◆ **Requirement**
Skip every picture, and output exactly the lines starting at the one with "パンフレットにはかわいいチョ" and running through the last line of the material below.

◆ **Dataset section**
■ ■ ■
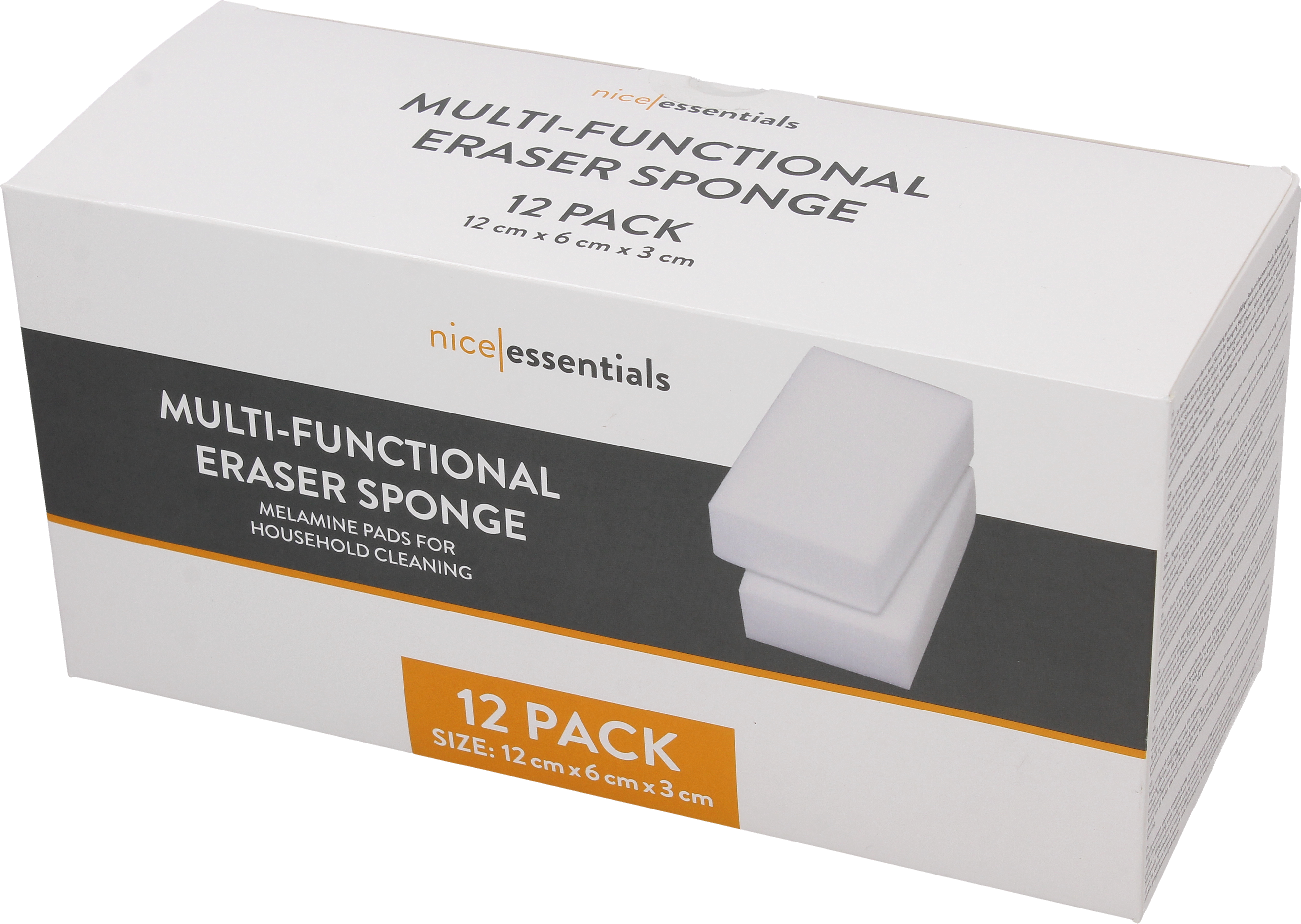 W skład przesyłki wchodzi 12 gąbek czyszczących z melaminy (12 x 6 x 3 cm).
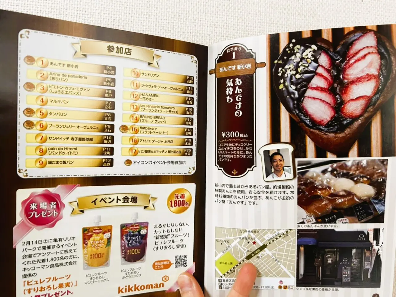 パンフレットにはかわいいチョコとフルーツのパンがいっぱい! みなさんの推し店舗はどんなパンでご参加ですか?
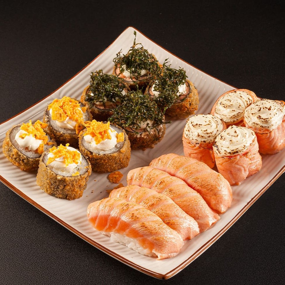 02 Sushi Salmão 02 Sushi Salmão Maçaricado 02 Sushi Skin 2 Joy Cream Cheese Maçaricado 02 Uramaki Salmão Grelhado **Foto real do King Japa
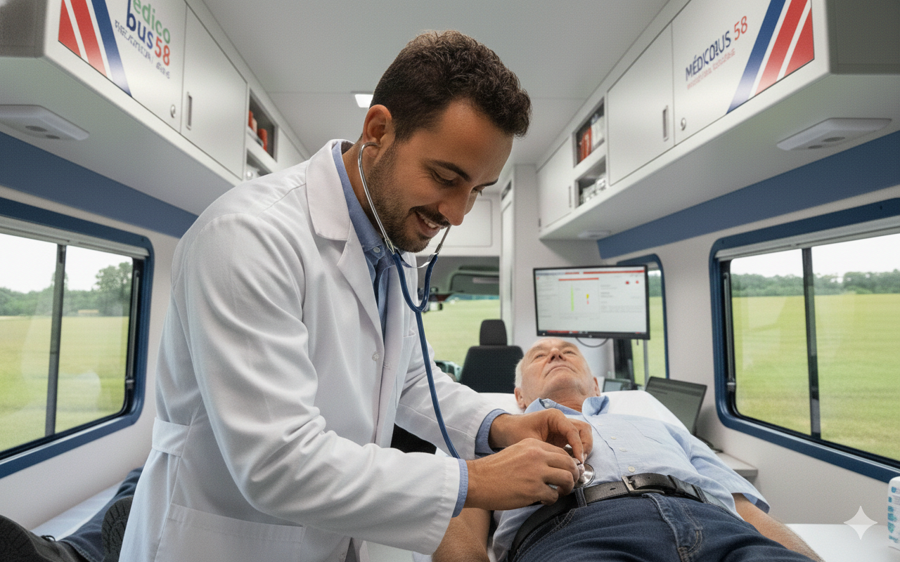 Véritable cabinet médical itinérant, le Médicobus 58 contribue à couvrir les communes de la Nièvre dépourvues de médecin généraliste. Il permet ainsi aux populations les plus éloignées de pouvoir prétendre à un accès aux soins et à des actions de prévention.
■ ■ ■
◆ **Output of the exercise**
 パンフレットにはかわいいチョコとフルーツのパンがいっぱい! みなさんの推し店舗はどんなパンでご参加ですか?
 02 Sushi Salmão 02 Sushi Salmão Maçaricado 02 Sushi Skin 2 Joy Cream Cheese Maçaricado 02 Uramaki Salmão Grelhado **Foto real do King Japa
 Véritable cabinet médical itinérant, le Médicobus 58 contribue à couvrir les communes de la Nièvre dépourvues de médecin généraliste. Il permet ainsi aux populations les plus éloignées de pouvoir prétendre à un accès aux soins et à des actions de prévention.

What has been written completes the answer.